Does economic growth always drive stock market returns?

In short, there seems to be no satisfactory statistical relationship between economic growth and stock market performance. There is no doubt that there is an indirect affect as economic growth can drive corporate earnings which in turn influences share price. However, there have been plenty of times where above average economic growth resulted in poor market returns and vice

In a 2001 Fortune excerpt, Warren Buffett tackled this subject and pointed at the following facts:

Between 1964 and 1981 the DOW Jones returned 0% versus a stellar economic growth of 373%.
Between 1981 and 1998 the DOW Jones returned 950% while economic growth rose only 171%.
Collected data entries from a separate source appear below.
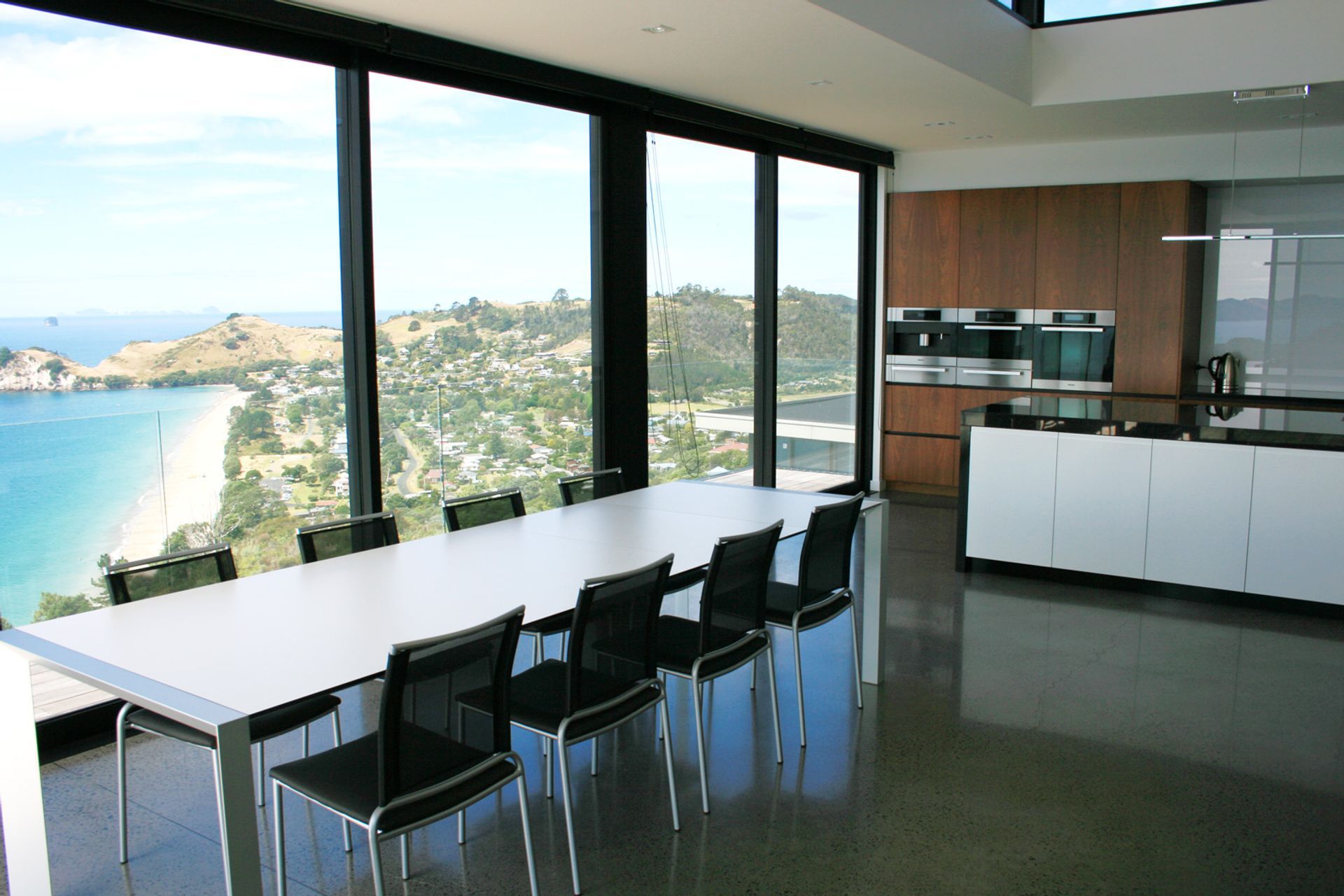 ArchiPro Project Summary - A stunning beach house at Cathedral Cove, featuring commanding views of Hahei beach and the Coromandel coastline, designed with protective walls against prevailing winds and a cantilevered timber structure that creates a unique floating sensation.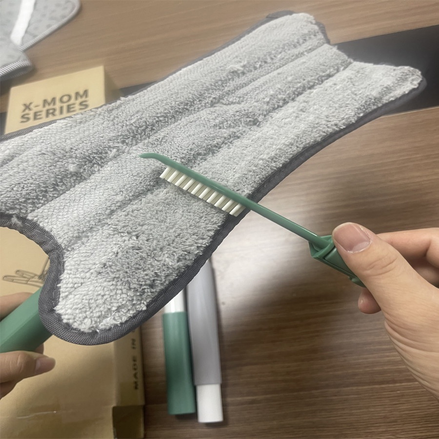 - Trên đầu thân chổi có 1 cây bàn chải, để dễ dàng quét được bụi bẩn khỏi miếng lau.
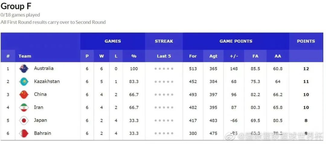 随着2023年男篮世界杯亚大区预选赛第一阶段的比赛全部结束,第二阶段的分组也随之产生。根据预选赛第一阶段的成绩,4胜2负的中国男篮与伊朗队同积10分,分别暂列F组的第三、第四位。暂列F组前两名的分别是澳大利亚队(6战全胜)、哈萨克斯坦队(5胜1负),后两名是日本队和巴林队(均为2胜4负)。E组的6支队伍是:新西兰队、黎巴嫩队、约旦队、菲律宾队、沙特阿拉伯队、印度队。

The main explanation for this divergence comes down to two important variables – interest rates (as indicated by long term government bond yields) and corporate profits.

Dec 1964: 4.2%
Dec 1981: 13.65%
Dec 1998: 5.09%

While we do not see many regions of the world hiking interest rates any time soon, the US may be on the cusp of this tightening process towards the end of this year. This action has large implications on world markets and we caution our clients from taking too much risk at this market cycle. On the positive side, we believe that the US Federal Reserve is unlikely to shock the financial system by raising rates too fast. Given the large degree of vulnerability in Europe and Japan, the Federal Reserve is aware of the possible consequences of such a move.

The inevitable rate rise in the US

We have often mentioned to our clients that, in general, humans tend to extrapolate recent experiences and forecast that far into the future. At the moment, many economists and analysts alike are seemingly fixated on the low rates and see no end in sight to the historical low yields. Many are brushing aside what seems to be darker clouds coming our way in the form of a US interest rate hike. When that will happen, we cannot speculate.

Investors may question how a rate rise in the United States will affect companies and their share portfolio here. To be simplistic, many companies around the world, especially those in Asia and those with revenues derived from overseas, often borrow in US dollars. When the US raises rates, companies are effectively paying more interest on their US dollar loans. On top of that, if the US dollar increases, they receive a double whammy. This leads to lower income and more conservative earnings projections, all leading to lower market expectations and lower share price.What’s interesting to note is that throughout the last century we have experienced nineteen US rate hikes and in sixteen of those periods, the stockmarket declined by an average of 16%.

In light of the above, we caution you not to invest heavily at this juncture. We would advise taking
some profits off the table and keeping at least ten percent in cash or a safe alternative.

Disclaimer: This publication has been compiled by Financial Decisions (AFSL/ACL Number 341678). Past performance is not a reliable indicator of future performance. Whilst every effort has been taken to ensure that the assumptions on which the outlooks given in this publication are based on reasonable data, the outlooks may be based on incorrect assumptions or may not take into account known or unknown risk and uncertainties. Material contained in this publication is an overview or summary only and it should not be considered a comprehensive statement on any matter nor relied upon as such. The information and any advice in this publication do not take into account your personal objectives, financial situation or needs. Therefore you should consider its appropriateness having regard to these factors before acting on it. While the information contained in this publication is based on information obtained from sources believed to be reliable, it has not been independently verified. To the maximum extent permitted by law: (a) no guarantee, representation or warranty is given that any information or advice in this publication is complete, accurate, up-to-date or fit for any purpose; and (b) Financial Decisions nor its employees are in any way liable to you (including for negligence) in respect of any reliance upon such information or advice.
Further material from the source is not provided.